Let's say I have three files in the same folder, a.txt, b.txt and c.txt, all of them encrypted (with Vim) with the same password ("asdf" for example). Is there a way to open the three of them entering the password only once?



The encryption password used by Vim for encrypting and decrypting files is stored in the key variable, see :help encryption. This variable is normally local to a Vim buffer, so Vim uses a unique password for each encrypted file that is opened or saved. Vim will prompt for a new password when a different encrypted file is opened for the first time.

To make the password global, enter

:set key=asdf

in Vim, where asdf is the password.

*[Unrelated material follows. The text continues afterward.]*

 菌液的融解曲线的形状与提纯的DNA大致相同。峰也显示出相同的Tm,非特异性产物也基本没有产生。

After explicitly giving the key variable a value like this, Vim will use the same password for subsequent encrypted files that are opened with :e or :n in the same Vim instance.

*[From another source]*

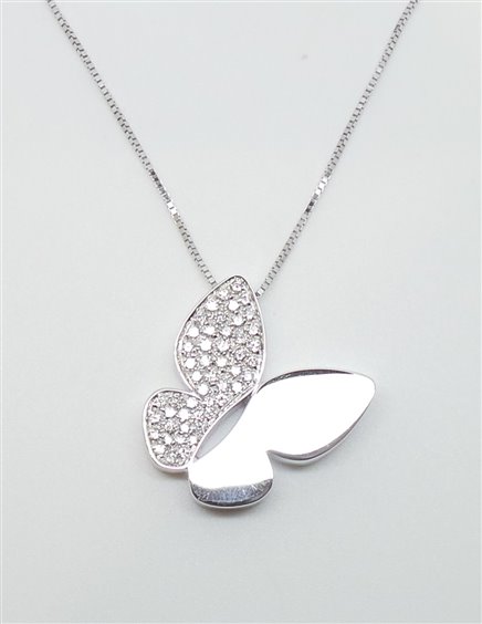 Collier in oro bianco 18kt con pendente farfalla, pavè di diamanti taglio brillante di ct.0,51 complessivi. Dimensioni pendente cm2,7X2,7. Scatola e garanzia originalità del prodotto. Un must della Maison Salvini, un' icona di stile dell' alta gioielleria Made in Italy: questo è la collezione di gioielli Farfalle Textures

The key variable can be set on the Vim command line used to open the files with

vim --cmd "set key=asdf" a.txt b.txt c.txt

Beware: this records the password in the clear to your shell history file (for example ~/.bash_history) and to all other users on the system by simply looking at a list of running processes with ps.

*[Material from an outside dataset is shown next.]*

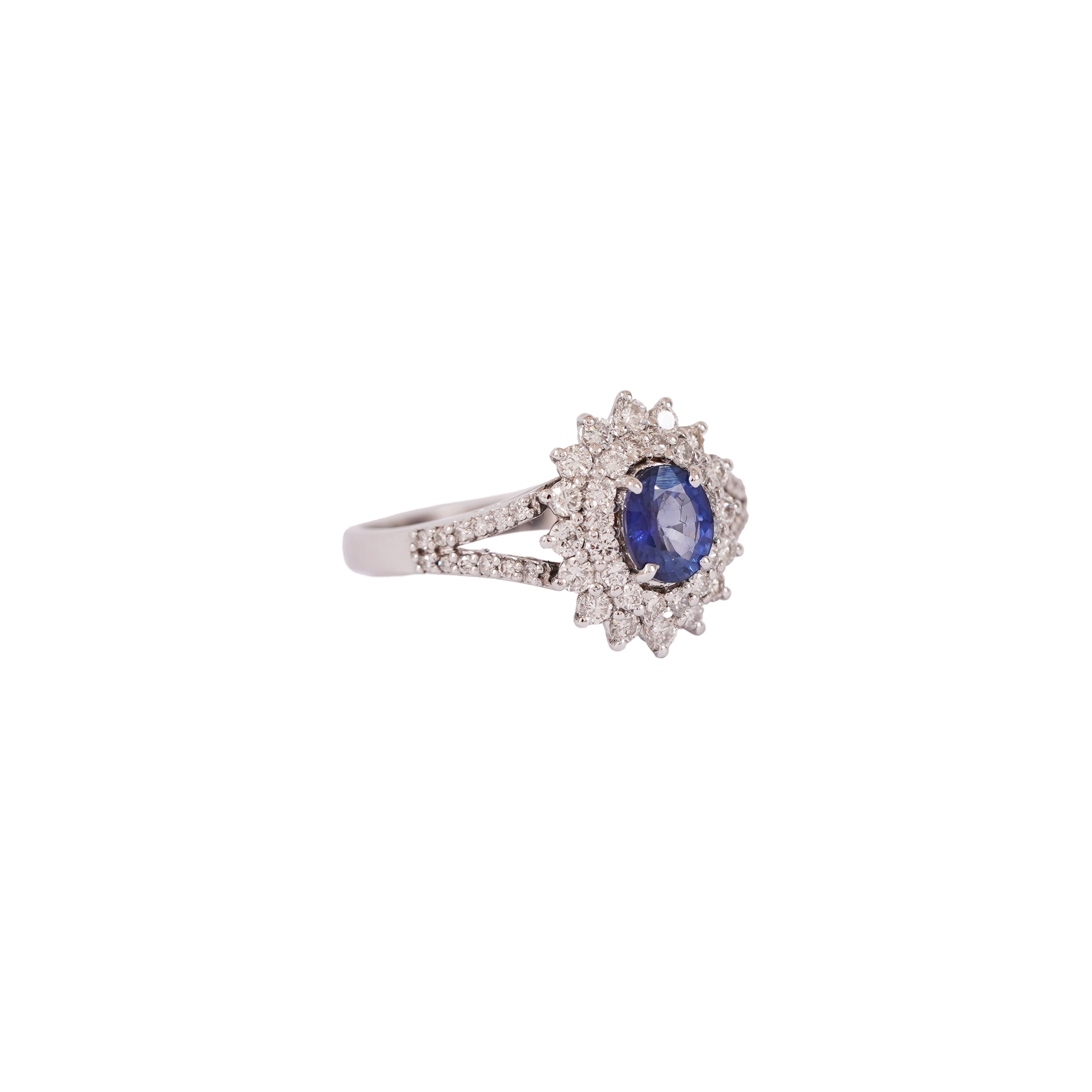 1 oval faceted sapphire, blue color, clarity flawless, approx. 0.76 ct.; 56 diamonds with round brilliant cut, color F-H, clarity VS1-SI2, approx. 0.64 ct.

Other solutions for encrypting files transparently with Vim are possible, the Vim wiki offers this page of tips on encryption, including executing PGP or GnuPG automatically when opening and saving files based on the file extension.


Type in the key before opening the first file with this cmd:

vim -c ":let &key=inputsecret('key=')|:bdel dummy" dummy a.txt b.txt c.txt 

Edit 1. To answer question in the comment below. If you want the files open together in tabs, like vim -p a.txt b.txt c.txt

 vim -c ":let &key=inputsecret('key=')|:tab all|:bdel dummy" dummy a.txt b.txt c.txt 

More options: set viminfo= noswapfile bin cm=blowfish

Needs a dummy file dummy, because the input dialog comes up only after the first file is loaded, even with --cmd. In this case, you have to type the key once.

Don't use *--cmd="set key=asfd"*; because process args can be seen with the ps command to others users, may get logged in syslog, and also saved in your bash_history.